↓

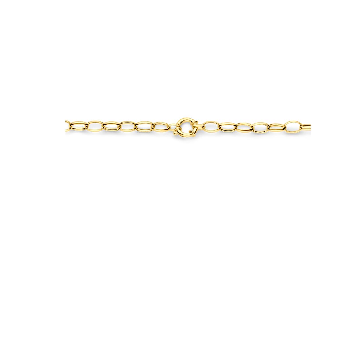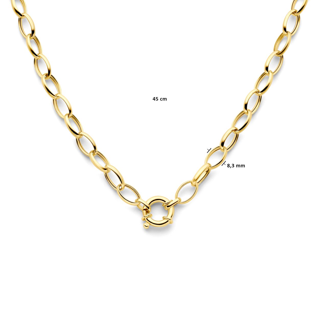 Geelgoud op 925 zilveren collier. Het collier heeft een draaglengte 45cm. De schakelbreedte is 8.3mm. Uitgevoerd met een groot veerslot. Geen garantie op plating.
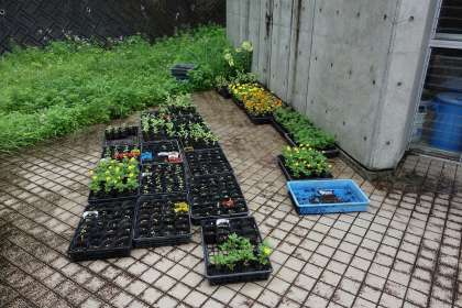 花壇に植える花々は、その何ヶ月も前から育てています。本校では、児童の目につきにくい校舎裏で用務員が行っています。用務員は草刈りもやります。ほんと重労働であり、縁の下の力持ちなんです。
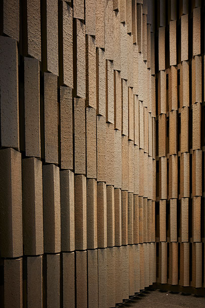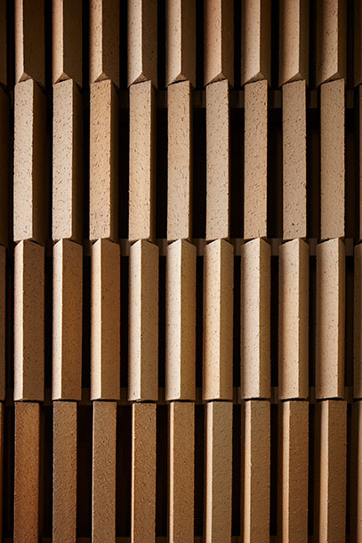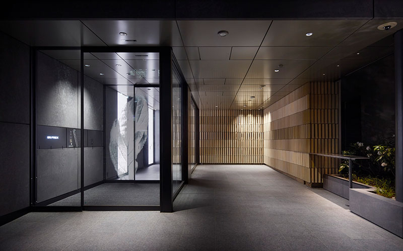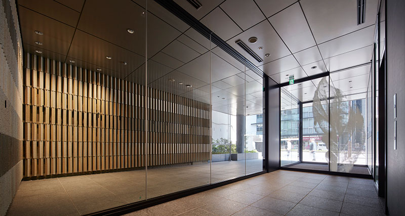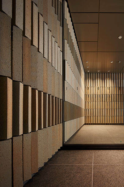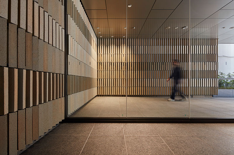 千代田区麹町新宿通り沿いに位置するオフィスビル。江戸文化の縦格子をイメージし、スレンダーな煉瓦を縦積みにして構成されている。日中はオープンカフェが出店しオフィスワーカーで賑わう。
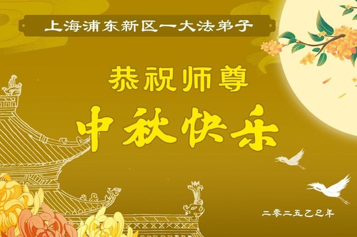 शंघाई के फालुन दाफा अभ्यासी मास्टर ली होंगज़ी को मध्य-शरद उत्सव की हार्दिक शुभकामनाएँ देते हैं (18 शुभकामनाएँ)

↑

*TASK DESCRIPTION*
Set down the material exactly, every line of it, except for the pictures.

*YOUR RESPONSE*
 Geelgoud op 925 zilveren collier. Het collier heeft een draaglengte 45cm. De schakelbreedte is 8.3mm. Uitgevoerd met een groot veerslot. Geen garantie op plating.
 花壇に植える花々は、その何ヶ月も前から育てています。本校では、児童の目につきにくい校舎裏で用務員が行っています。用務員は草刈りもやります。ほんと重労働であり、縁の下の力持ちなんです。
 千代田区麹町新宿通り沿いに位置するオフィスビル。江戸文化の縦格子をイメージし、スレンダーな煉瓦を縦積みにして構成されている。日中はオープンカフェが出店しオフィスワーカーで賑わう。
 शंघाई के फालुन दाफा अभ्यासी मास्टर ली होंगज़ी को मध्य-शरद उत्सव की हार्दिक शुभकामनाएँ देते हैं (18 शुभकामनाएँ)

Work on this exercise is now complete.